Abstract: In the past ten years we have witnessed a revival of, and subsequent rapid expansion in, the research on zinc oxide (ZnO) as a semiconductor. Being initially considered as a substrate for GaN and related alloys, the availability of high-quality large bulk single crystals, the strong luminescence demonstrated in optically pumped lasers and the prospects of gaining control over its electrical conductivity have led a large number of groups to turn their research for electronic and photonic devices to ZnO in its own right. The high electron mobility, high thermal conductivity, wide and direct band gap and large exciton binding energy make ZnO suitable for a wide range of devices, including transparent thin-film transistors, photodetectors, light-emitting diodes and laser diodes that operate in the blue and ultraviolet region of the spectrum. In spite of the recent rapid developments, controlling the electrical conductivity of ZnO has remained a major challenge. While a number of research groups have reported achieving p-type ZnO, there are still problems concerning the reproducibility of the results and the stability of the p-type conductivity. Even the cause of the commonly observed unintentional n-type conductivity in as-grown ZnO is still under debate. One approach to address these issues consists of growing high-quality single crystalline bulk and thin films in which the concentrations of impurities and intrinsic defects are controlled. In this review we discuss the status of ZnO as a semiconductor. We first discuss the growth of bulk and epitaxial films, growth conditions and their influence on the incorporation of native defects and impurities.
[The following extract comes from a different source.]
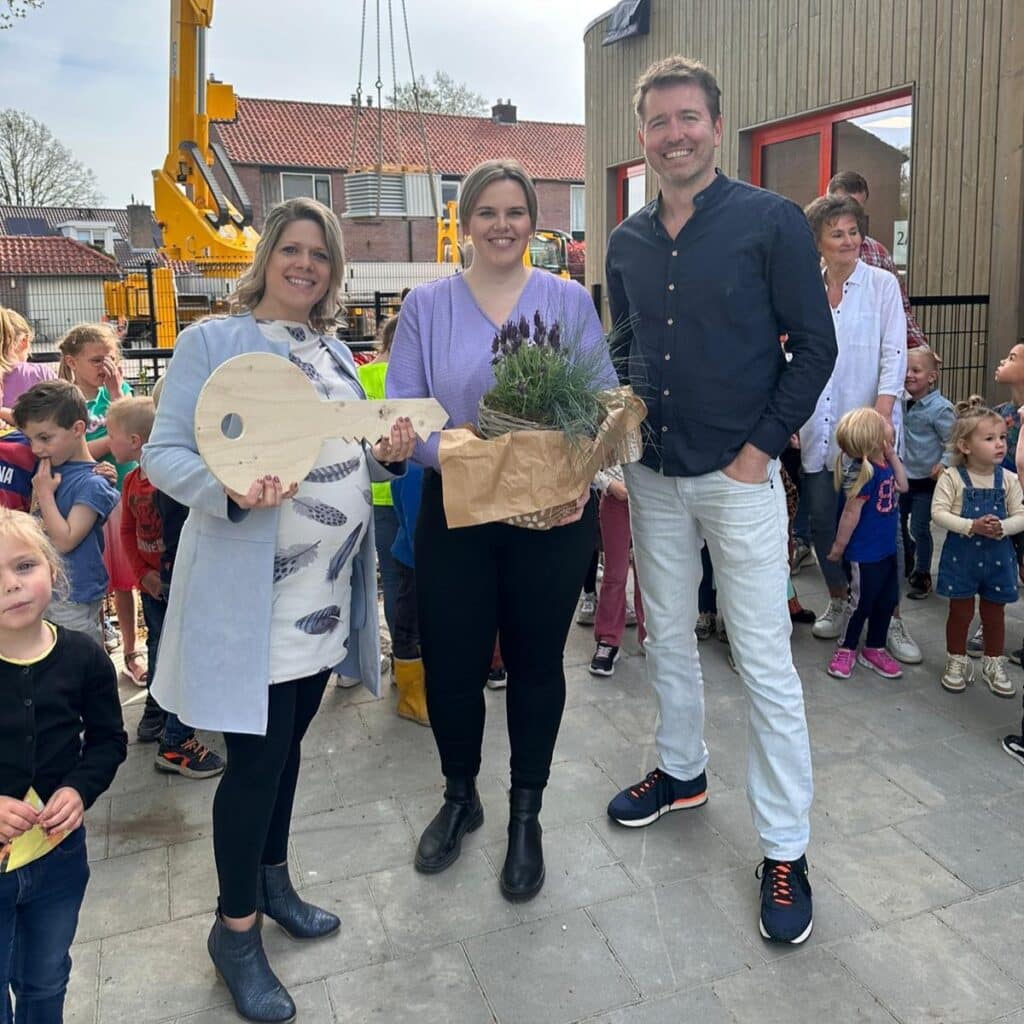 Hellendoorn – Ons super duurzame kindcentrum is in gebruik genomen door kinderopvangorganisatie Kosmo. Het was een feestelijk moment voor de medewerkers en kinderen van de Noord Es in Hellendoorn. Dit gebouw van kruislaaghout (CLT), houtvezelisolatie en een houten gevel is zo duurzaam mogelijk gebouwd. Het dak is voorzien van groen, zonnepanelen zorgen voor de eigen energievoorziening. Op veel plaatsen is het hout in het zicht gelaten. Dat geeft de ruimte een fijne sfeer, goede akoestiek en gezond binnenklimaat.

We then present the theory of doping and native defects in ZnO based on density-functional calculations, discussing the stability and electronic structure of native point defects and impurities and their influence on the electrical conductivity and optical properties of ZnO. We pay special attention to the possible causes of the unintentional n-type conductivity, emphasize the role of impurities, critically review the current status of p-type doping and address possible routes to controlling the electrical conductivity in ZnO. Finally, we discuss band-gap engineering using MgZnO and CdZnO alloys.